TASK INSTRUCTIONS ▸ Your job is to print, exactly, the lines in the data below from the line with "CE17 (UK) 65W" through the line with "Good used condition, with", both included, and to omit any picture.

GIVEN DATA ▸

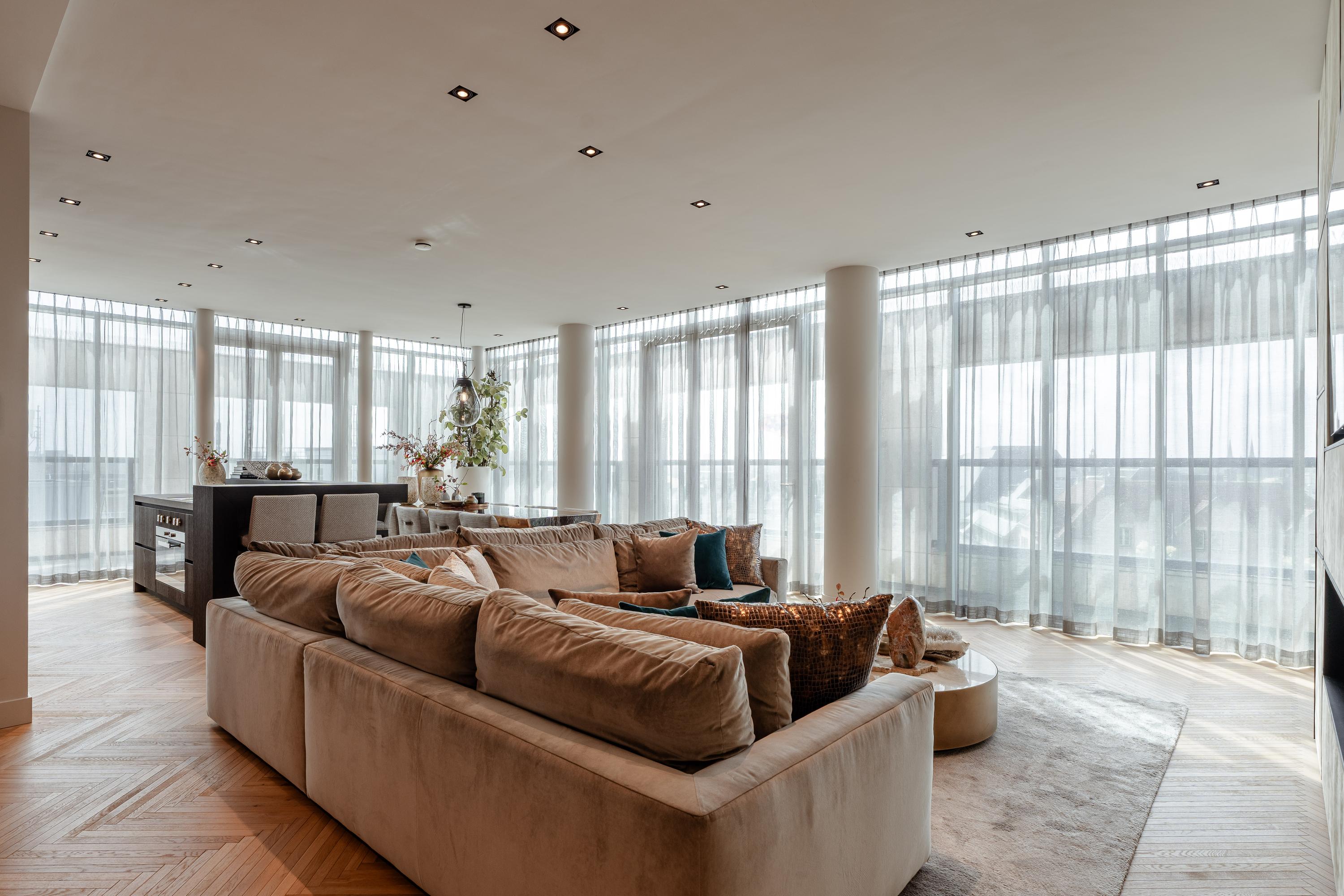 The large glass façades allow you to fully embrace the vibrant city life outside or close it off entirely to enjoy privacy and tranquility. The high-quality materials and finishes ensure a refined and comfortable living experience. The interior has been designed under the supervision of internationally renowned interior architect Pieter Laureys and finished to the highest standards. The apartment is offered including new, carefully selected bespoke furniture.
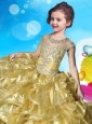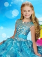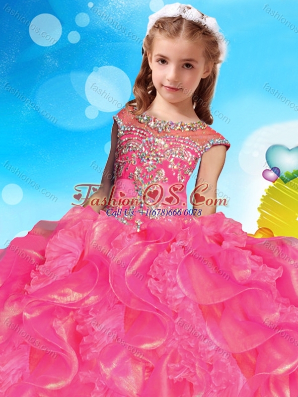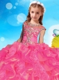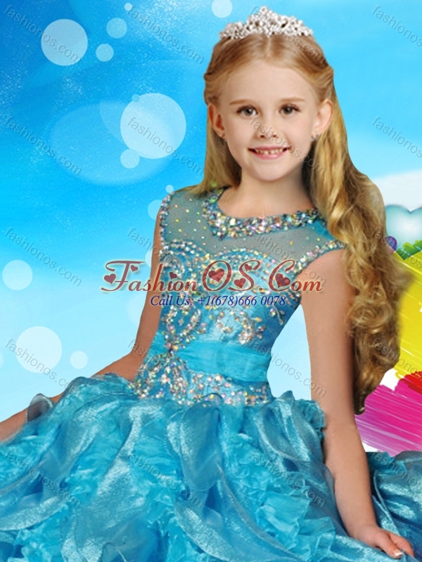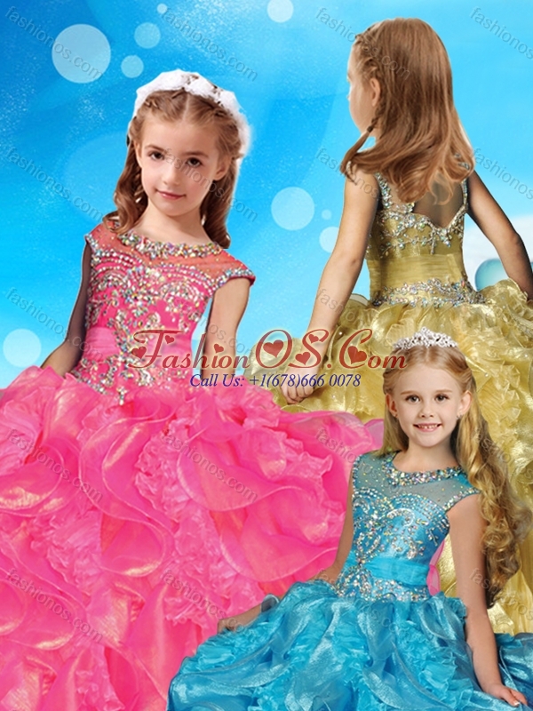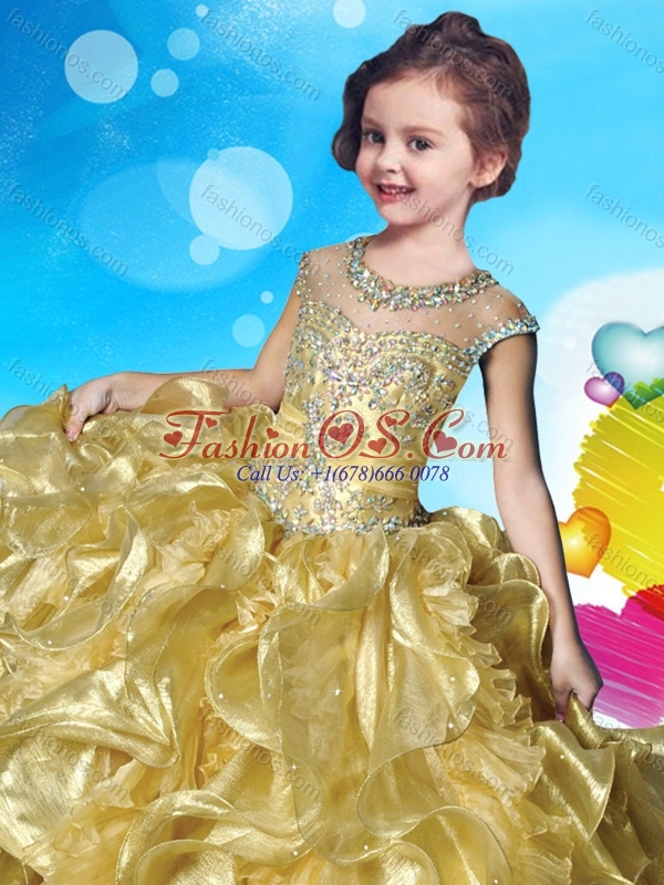 Gorgeous Beaded and Ruffled Little Girl Pageant Dress with See Through Scoop
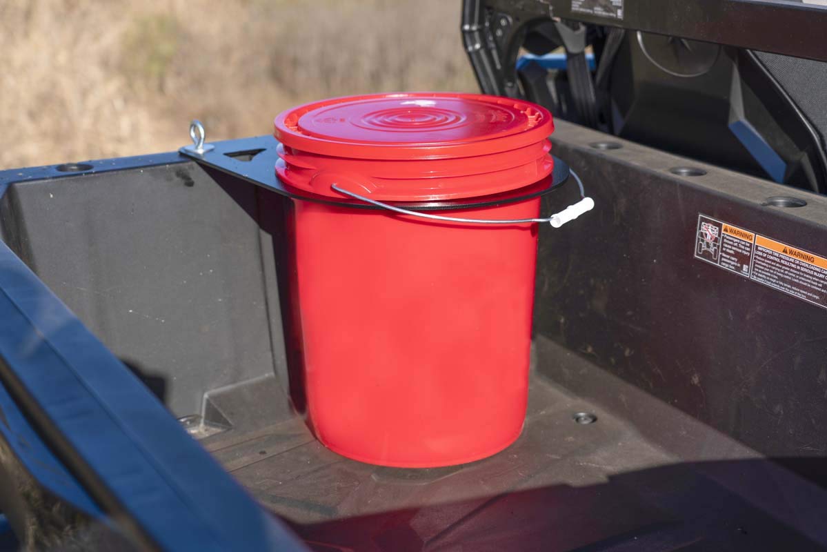 Give your UTV a handy upgrade with Rough Countrys 5 Gallon Bucket Holder! This convenient attachment installs in a snap and allows you to easily haul a 5 gallon bucket with no sliding, tipping, or tumbling over in the bed. This kit attaches with three 1-7/16in tie down points that seat the bucket holder to the bed firmly. Once installed, travel with peace of mind knowing your 5 gallon bucket wont budge throughout your journey
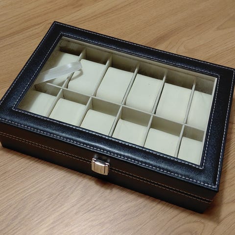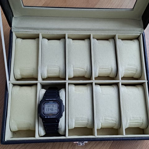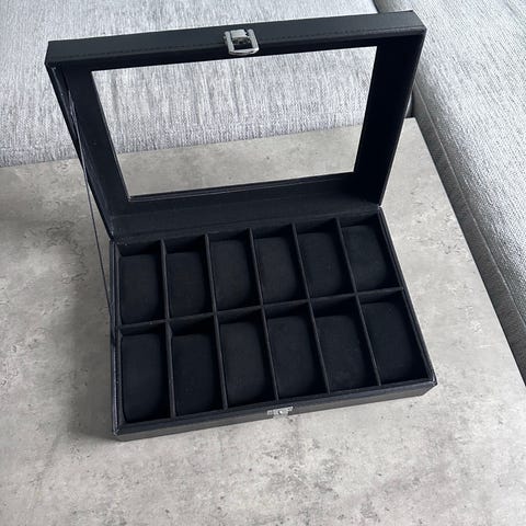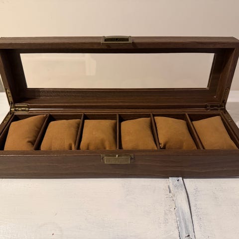 Hyvässä kunnossa oleva suojaboxi 8 kellolle. Kansi vaahtomuovilla päällystetty.
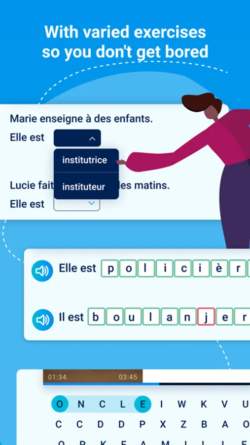 - The exercises are diverse so that you don’t get bored (multiple choice questions, crosswords, fill-in-the-blank texts, etc.),
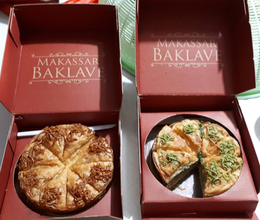 Kesepuluh, Baklave Irfan Hakim. Klo di Bandung Brownies Amanda lagi dikepung sama Makuta Laura CB, kue Princess sama kue.. lupa euy Mamanya Rafi Ahmad. Nah di Makasar ada Irfan Hakim dengan bakavenya. Tokonya di jalan Hasanuddin Kota Makasar, harga perkotak 65 ribu dengan varian rasa original, coklat, keju, grinti (green tea) dan kacang. Ya ikutan coba beli meskipun tinggal 2 varian. Ntar diicip di rumah sama istri, anak dan keluarga.
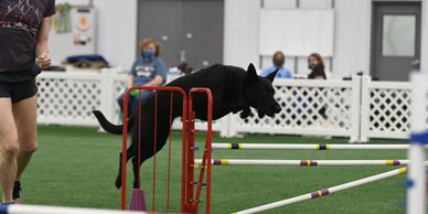This class starts dogs on higher obstacles; adding new handling skills for the handler; the beginning of front crosses; rear crosses; blind crosses; tandems; weave poles and teaching the dog how to be more proficient on the obstacles. This also starts the handler on how to analyze a novice course and introducing jumping skills to the dogs such as the broad jump; double jump, triple jump and working around wing jumps.
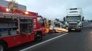 Un hombre ha resultado herido de gravedad tras un choque frontal entre un camión y una camioneta que se ha producido esta madrugada, sobre las 6:30 horas, en Palma. 999
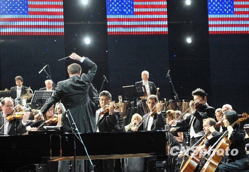 5月7日晚,美国费城交响乐团在上海世博文化中心奏响美国国歌,开始世博专场音乐会演出,这是费城交响乐团第五次访华。中新社发 贾国荣 摄
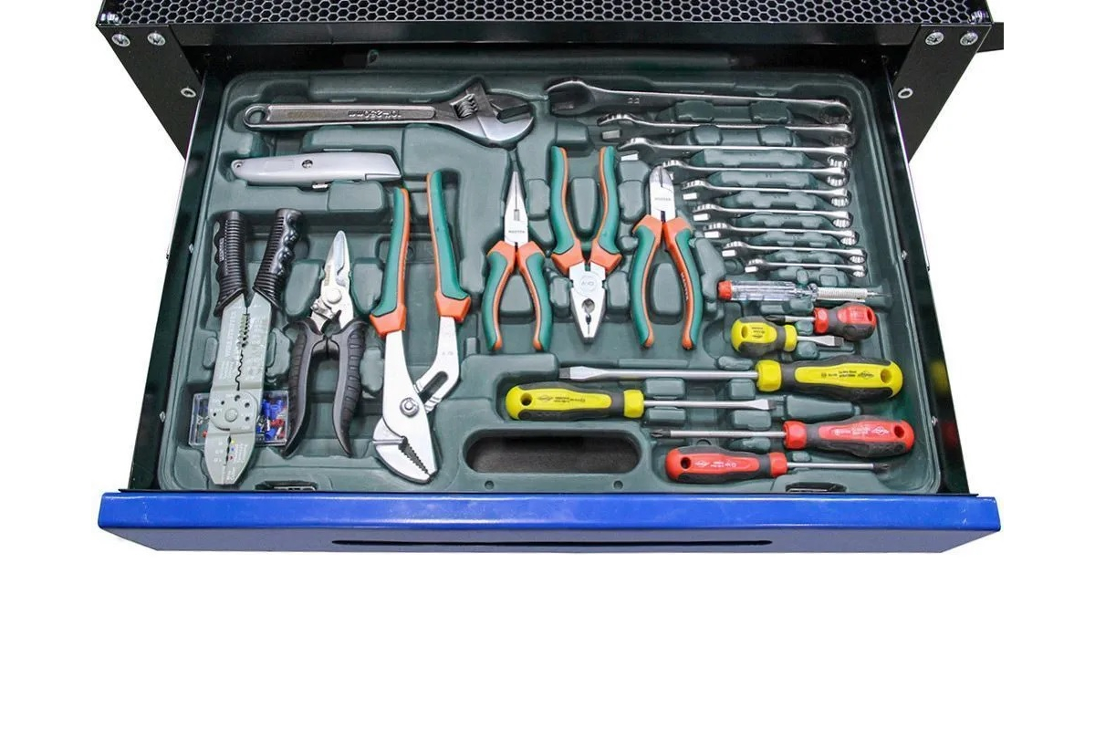Конструкция тележки выполнена из листовой стали. Окрашена порошком и имеет высокую прочность. Благодаря этому она легко выдерживает нагрузку в виде набора инструмента.
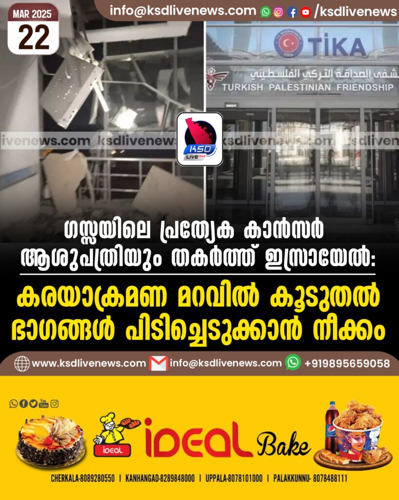 ഇസ്രായേല് നടപടി ഹീനമായ കുറ്റകൃത്യമാണെന്ന് ഗസ്സ ആരോഗ്യമന്ത്രാലയം പ്രതികരിച്ചു. നെറ്റ്സരിം ഇടനാഴിക്കു സമീപമാണ് കാൻസർ രോഗികള്ക്കുള്ള ഏക പ്രത്യേക ആശുപത്രിയായ തുർക്കിഷ്- ഫലസ്തീൻ ഫ്രണ്ട്ഷിപ്പ് ആശുപത്രി.
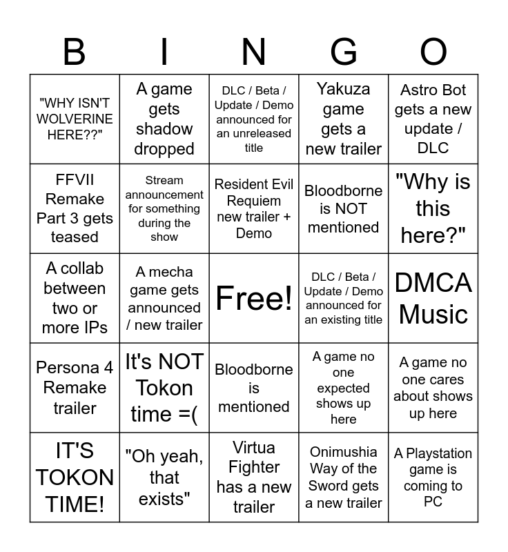 This bingo card has a free space and 24 words: IT'S TOKON TIME!, It's NOT Tokon time =(, Resident Evil Requiem new trailer + Demo, Onimushia Way of the Sword gets a new trailer, Astro Bot gets a new update / DLC, "WHY ISN'T WOLVERINE HERE??", A game gets shadow dropped, DLC / Beta / Update / Demo announced for an unreleased title, DLC / Beta / Update / Demo announced for an existing title, DMCA Music, A collab between two or more IPs, Stream announcement for something during the show, A game no one expected shows up here, A game no one cares about shows up here, FFVII Remake Part 3 gets teased, "Oh yeah, that exists", Virtua Fighter has a new trailer, Yakuza game gets a new trailer, "Why is this here?", Persona 4 Remake trailer, A mecha game gets announced / new trailer, Bloodborne is mentioned, Bloodborne is NOT mentioned and A Playstation game is coming to PC.
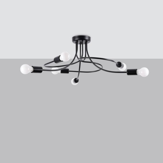 Źródło światła: E27, 6x max 15 W LED, ~230V, 50Hz, IP20, klasa ochronności IŹródło światła nie jest w komplecie.Wymiary: 69/66/29 cmMateriał: stalKolor: czarny
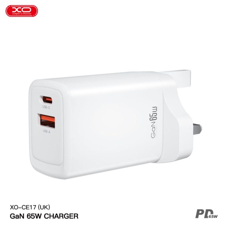 CE17 (UK) 65W gallium nitride fast charging charger (1USB-C 65W/1USB-A18W)
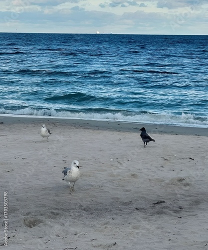 © Monika, Obraz premium Birds on a Tranquil Beach
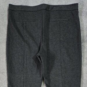 Good used condition, with no stains or tears. Comfortable heather grey ankle pants, with front and back seams. The ponte knit fabric has stretch. Has lift tucky tummy control technology and a zip fly/hook closure.
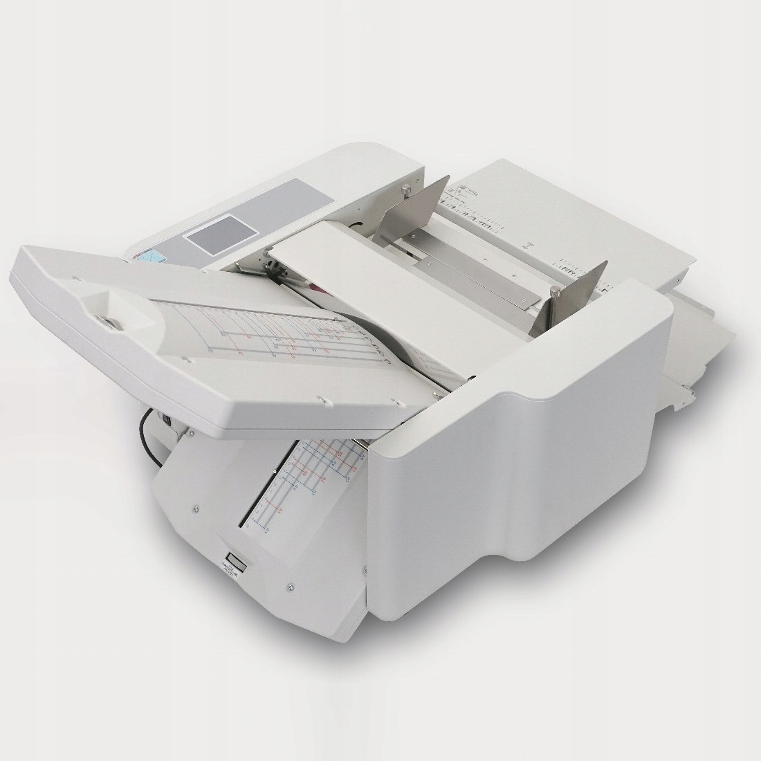 Професійна багатофункціональна автоматична фальцювальна машина. Один із найшвидших у своєму класі! Дуже простий у використанні, він має автоматичне розпізнавання розміру паперу для форматів (A3, B4, A4, B5, A5, B5) і автоматичне налаштування положення згинання за допомогою сенсорної панелі. Функція пам'яті для 36 автоматичних положень складання, які можна вибрати одним натисканням кнопки (6 типів складання х 6 розмірів паперу). Два додаткових бічних магнітних манометра з натяжними роликами для великих форматів паперу. Автоматична фрикційна система подачі паперу з трьома роликами. Потокова система розвантаження паперу, яка здійснюється за допомогою ременів і трьох викидних роликів, що висуваються вручну. Лічилка (додавання чи віднімання). Зручний тестовий режим: 2 аркуші можна попередньо скласти для тестування. Автоматичне відключення, якщо верхня кришка відкрита. Автоматична зупинка після виконання завдання, додатково підтверджена оптичним і звуковим сигналом. Автоматичне виявлення застрягань і помилок з детальним описом на сенсорному екрані. Складні ролики допомагають обслуговувати та чистити пристрій.

ANSWER ▸
 CE17 (UK) 65W gallium nitride fast charging charger (1USB-C 65W/1USB-A18W)
 © Monika, Obraz premium Birds on a Tranquil Beach
 Good used condition, with no stains or tears. Comfortable heather grey ankle pants, with front and back seams. The ponte knit fabric has stretch. Has lift tucky tummy control technology and a zip fly/hook closure.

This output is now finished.